Heloin wrote:Infected Mushroom wrote:The British would have respected the native treaties. This is what they wanted in the OTL. It was the Americans that continued west of the 13 colonies for imperialistic gains.
This is the dumbest thing you can continue to say and believe. It’s not just wrong, it’s offensively wrong. The British Empire committed dozens of genocides, the British Empire invented concentration camps, the British Empire paid bounties to hunt native peoples for sport.
No, the British would have been better than the Americans in their treatment of natives. Here is a source.
https://www.vox.com/2015/7/2/8884885/am ... on-mistakeIndependence was bad for Native Americans
Starting with the Proclamation of 1763, the British colonial government placed firm limits on westward settlement in the United States. It wasn't motivated by an altruistic desire to keep American Indians from being subjugated or anything; it just wanted to avoid border conflicts.
But all the same, the policy enraged American settlers, who were appalled that the British would seem to side with Indians over white men. "The British government remained willing to conceive of Native Americans as subjects of the crown, similar to colonists," Ethan Schmidt writes in Native Americans in the American Revolution. "American colonists … refused to see Indians as fellow subjects. Instead, they viewed them as obstacles in the way of their dreams of land ownership and trading wealth." This view is reflected in the Declaration of Independence, which attacks King George III for backing "merciless Indian Savages."

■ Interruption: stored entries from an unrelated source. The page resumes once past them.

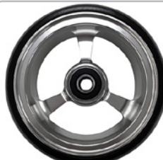
kod 2489 125x37mm felga aluminiowa srebrna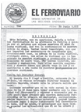
“El Ferroviario”, Órgano informativo de las Secciones Sindicales del Sindicato Ferroviario UGT de Sevilla n° 1, de 20 de junio de 1978 AHUGT-A

La Ejecutiva de la Federación Provincial elegida en este Congreso estaría constituida por: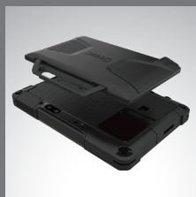
Componente aggiuntivo SnapBack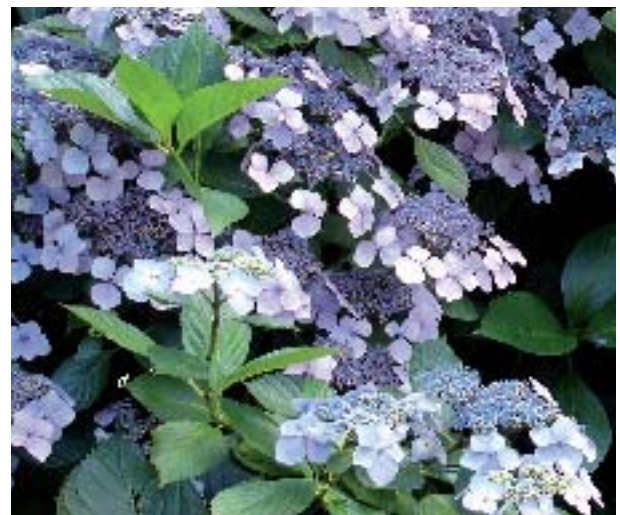
Parcs & Jardins

Circuit guidé dans votre car, durée 2 heures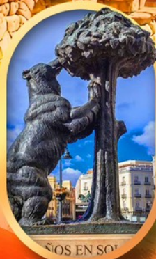
อนุสาวรีย์หมี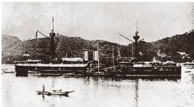
北洋舰队“定远号”铁甲舰

与此同时，中国的东南海疆也受到列强的严重威胁。在直隶总督李鸿章的倡议下，清政府开始大规模进行近代海防建设，筹建新式海军。到19世纪80年代，福建、广东、南洋和北洋等海军初步建成，其中以北洋舰队规模最大。1885年，清政府成立海军衙门统一协调指挥，同年还在台湾建立行省。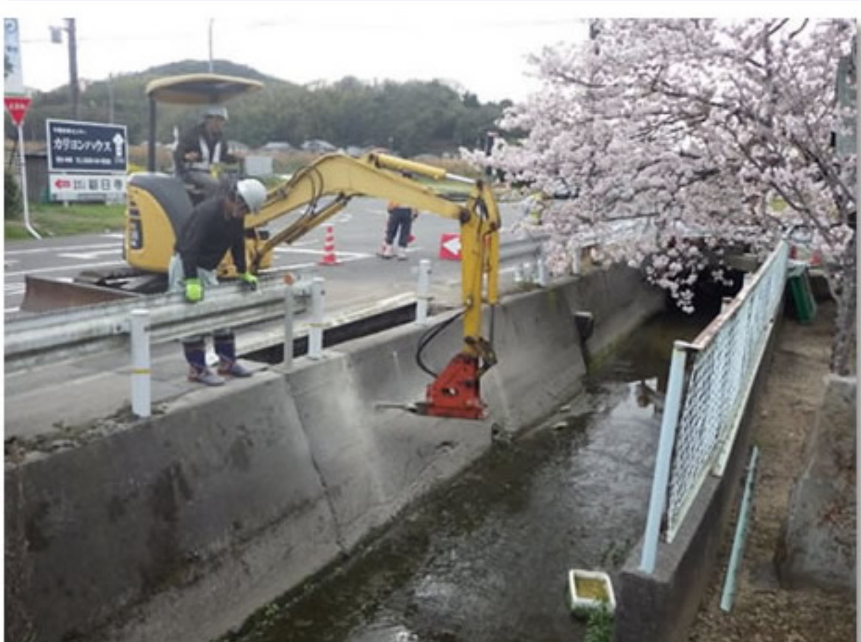
① 橋の土台を造るためにコンクリートを壊しました

American independence made the proclamation void here. It's not void in Canada — indeed, there the 1763 proclamation is viewed as a fundamental document providing rights to self-government to First Nations tribes. It's mentioned explicitly in the Canadian Charter of Rights and Freedoms (Canada's Bill of Rights), which protects "any rights or freedoms that have been recognized by the Royal Proclamation of October 7, 1763" for all aboriginal people. Historian Colin Calloway writes in The Scratch of a Pen: 1763 and the Transformation of North America that the proclamation "still forms the basis for dealings between Canada's government and Canada's First Nations."
And, unsurprisingly, Canada didn't see Indian wars and removals as large and sweeping as occurred in the US. They still committed horrible, indefensible crimes. Canada, under British rule and after, brutally mistreated aboriginal people, not least through government-inflicted famines and the state's horrific seizure of children from their families so they could attend residential schools. But the country didn't experience a westward expansion as violent and deadly as that pursued by the US government and settlers. Absent the revolution, Britain probably would've moved into Indian lands. But fewer people would have died.

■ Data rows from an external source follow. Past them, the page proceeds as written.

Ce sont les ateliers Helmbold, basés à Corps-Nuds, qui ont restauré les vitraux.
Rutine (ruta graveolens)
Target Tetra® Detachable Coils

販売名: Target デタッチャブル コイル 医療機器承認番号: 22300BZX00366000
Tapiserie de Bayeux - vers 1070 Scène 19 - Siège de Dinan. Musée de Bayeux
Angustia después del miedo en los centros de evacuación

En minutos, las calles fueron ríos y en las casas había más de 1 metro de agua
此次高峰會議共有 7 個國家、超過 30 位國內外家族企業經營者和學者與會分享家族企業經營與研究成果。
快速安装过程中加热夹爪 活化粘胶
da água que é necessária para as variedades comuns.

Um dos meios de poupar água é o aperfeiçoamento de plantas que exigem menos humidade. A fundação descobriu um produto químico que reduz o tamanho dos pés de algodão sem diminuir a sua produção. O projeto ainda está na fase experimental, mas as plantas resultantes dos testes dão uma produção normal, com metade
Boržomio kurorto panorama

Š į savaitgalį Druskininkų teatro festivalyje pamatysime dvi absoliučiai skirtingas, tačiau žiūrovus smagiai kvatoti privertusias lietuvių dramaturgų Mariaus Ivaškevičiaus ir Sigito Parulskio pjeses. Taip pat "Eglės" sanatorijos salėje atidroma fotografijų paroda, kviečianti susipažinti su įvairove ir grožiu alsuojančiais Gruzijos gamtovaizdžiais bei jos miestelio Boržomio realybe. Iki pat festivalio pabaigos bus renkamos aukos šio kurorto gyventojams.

Read the whole thing and you'll see that my point is correct. I understand that you are from the USA but you can't let that bias your assessment. There's a whole order of magnitude of difference in terms of what the British did and what the Americans did in North America. This is emphasised in the last paragraph. In history I learned that the British enforcing this 1763 proclamation is one of the root causes of the American Revolution, the USA literally fought the war in part because they wanted to colonise the Indians and Britain said "hey wait a minute, that's too much." Citing Canada/British North America and saying, "that's the same as what the USA pulled in North America" shows a grave misunderstanding of Canadian history. In terms of the numbers and the lands stolen and the magnitude of the mistreatment, it's not even close.